INSTRUCTIONS FOR THE TASK — Pictures excluded, return the lines below from the first through the line holding "确定有19突变,可以考虑吃靶向药".

--- INPUT RECORDS Enclosed Below ---

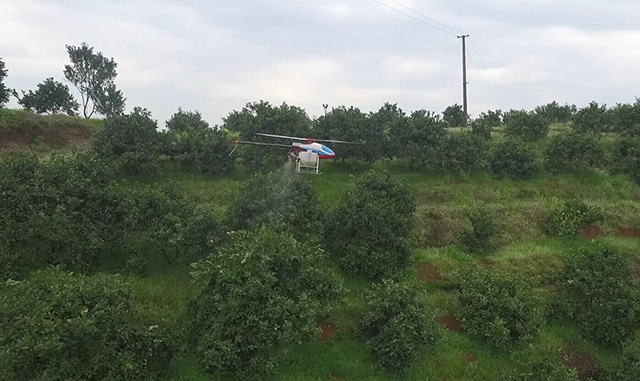 有了目标后,黄运东开始去各地考察用无人机打药可不可行。他咨询了很多用无人机打药的植保队,还走访了很多无人机厂商,有多旋翼的、单旋翼的,经过深入的考察,了解多旋翼打水稻等低矮农作物可行,打果树要用单旋翼药雾才能穿透下去。单旋翼是纯净向下压的,能有效的把药打到作物的上层、中层、下层,叶子的正面和背面,从而保证药效,他觉得单旋翼无人机更适合打冰糖橙。经过2个多月的考察,最终黄运东向天鹰兄弟购买了单旋翼的植保无人机,在家乡永兴县组建了12个人、4架飞机的飞防队。
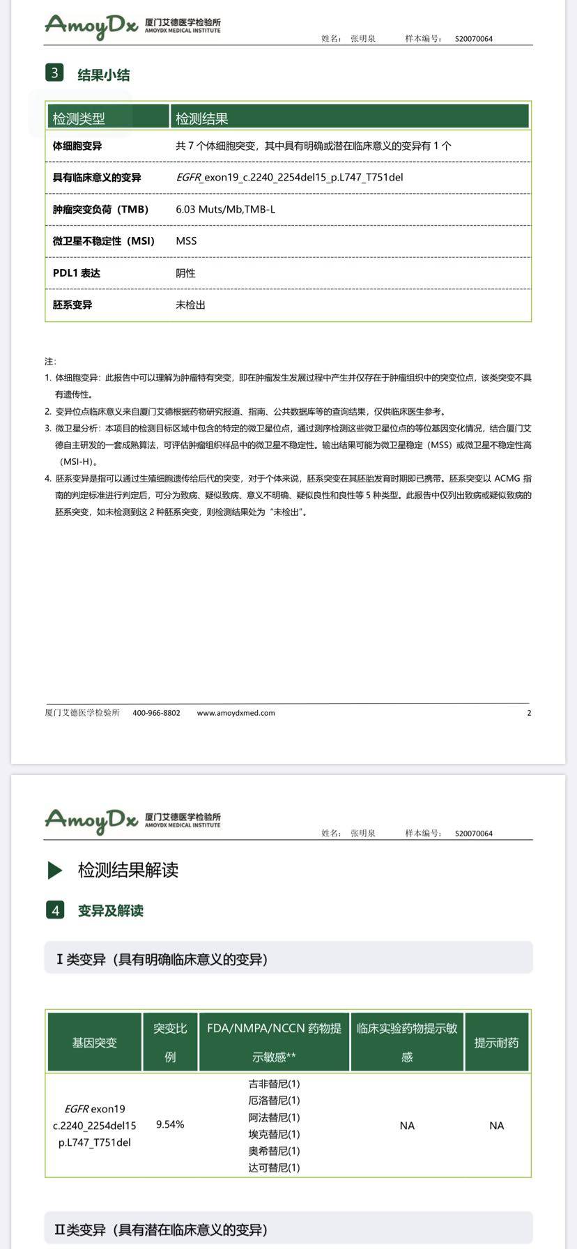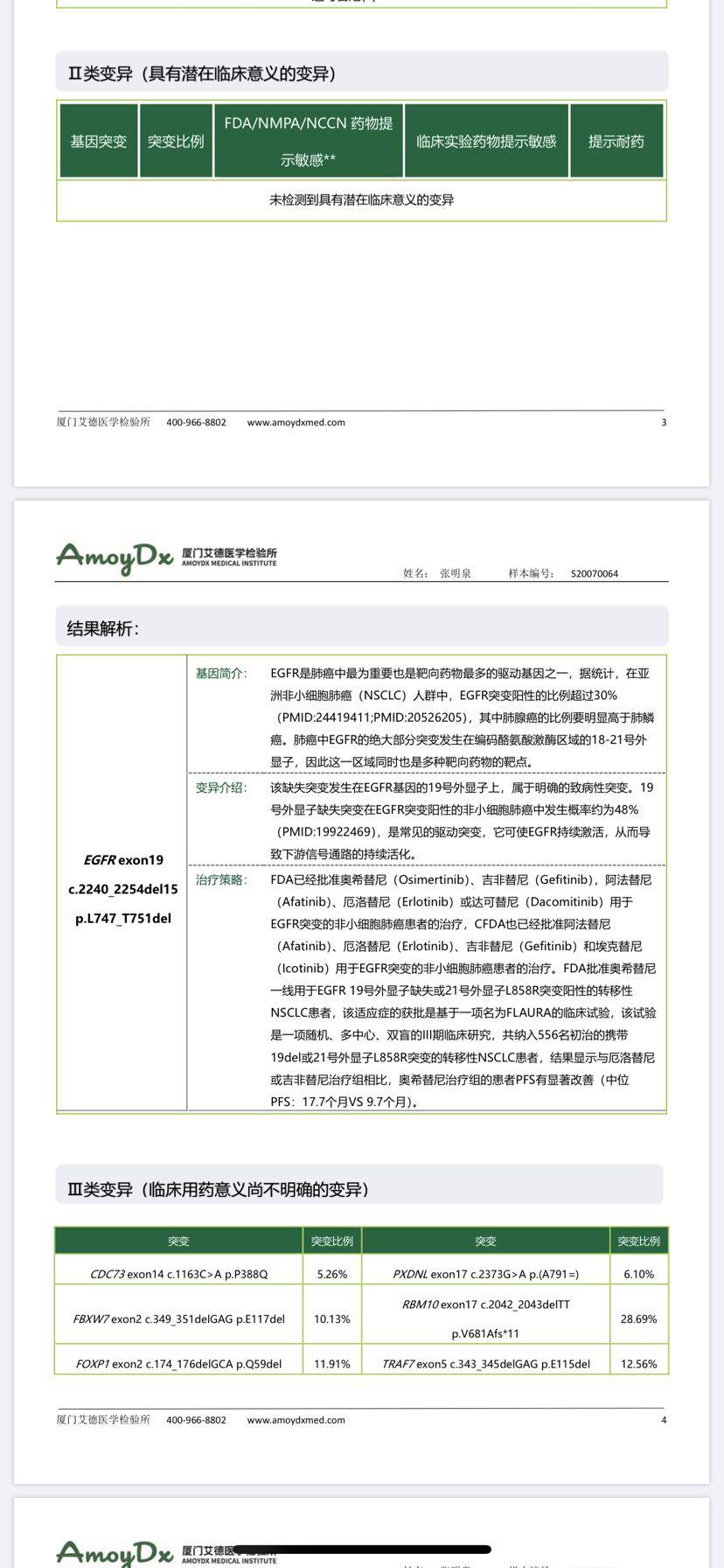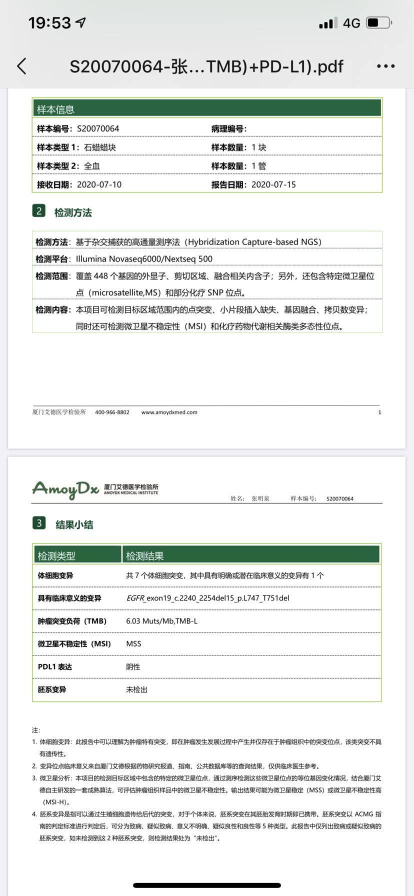 确定有19突变,可以考虑吃靶向药
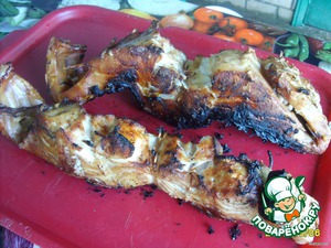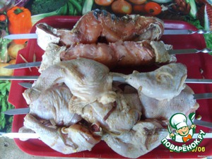 Нанизываем рыбу и курицу, причём у рыбки надо вырезать крупную позвоночную косточку, и нанизать как гармошечку на шампур. Курицу пронизываем в двух местах - в бёдрышко и в ножку, поближе к кости.
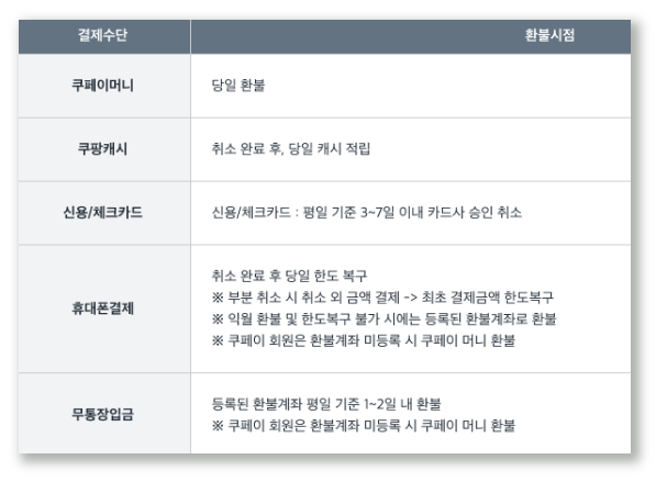 환불이 완료되는 기간은 결제수단에 따라 달라지게 되며, 하단과 같습니다.
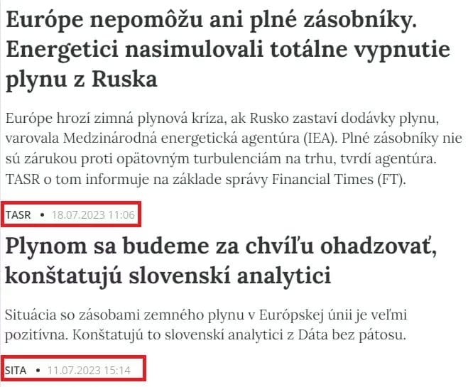 Dnes, s tými istými údajmi (zásobníky plné na 80%), vyšiel iný článok, ktorý hovorí, že ak Rusi vypnú kohútik, tak sa budeme ohadzovať, ale cencúľmi v obývačke. A to nám každý deň hovoria, že máme veriť len tým overeným médiám. Ale čomu máme veriť, keď oni sami píšu protichodné informácie?

--- End of Enclosed INPUT RECORDS ---

RESPONSE —
 有了目标后,黄运东开始去各地考察用无人机打药可不可行。他咨询了很多用无人机打药的植保队,还走访了很多无人机厂商,有多旋翼的、单旋翼的,经过深入的考察,了解多旋翼打水稻等低矮农作物可行,打果树要用单旋翼药雾才能穿透下去。单旋翼是纯净向下压的,能有效的把药打到作物的上层、中层、下层,叶子的正面和背面,从而保证药效,他觉得单旋翼无人机更适合打冰糖橙。经过2个多月的考察,最终黄运东向天鹰兄弟购买了单旋翼的植保无人机,在家乡永兴县组建了12个人、4架飞机的飞防队。
 确定有19突变,可以考虑吃靶向药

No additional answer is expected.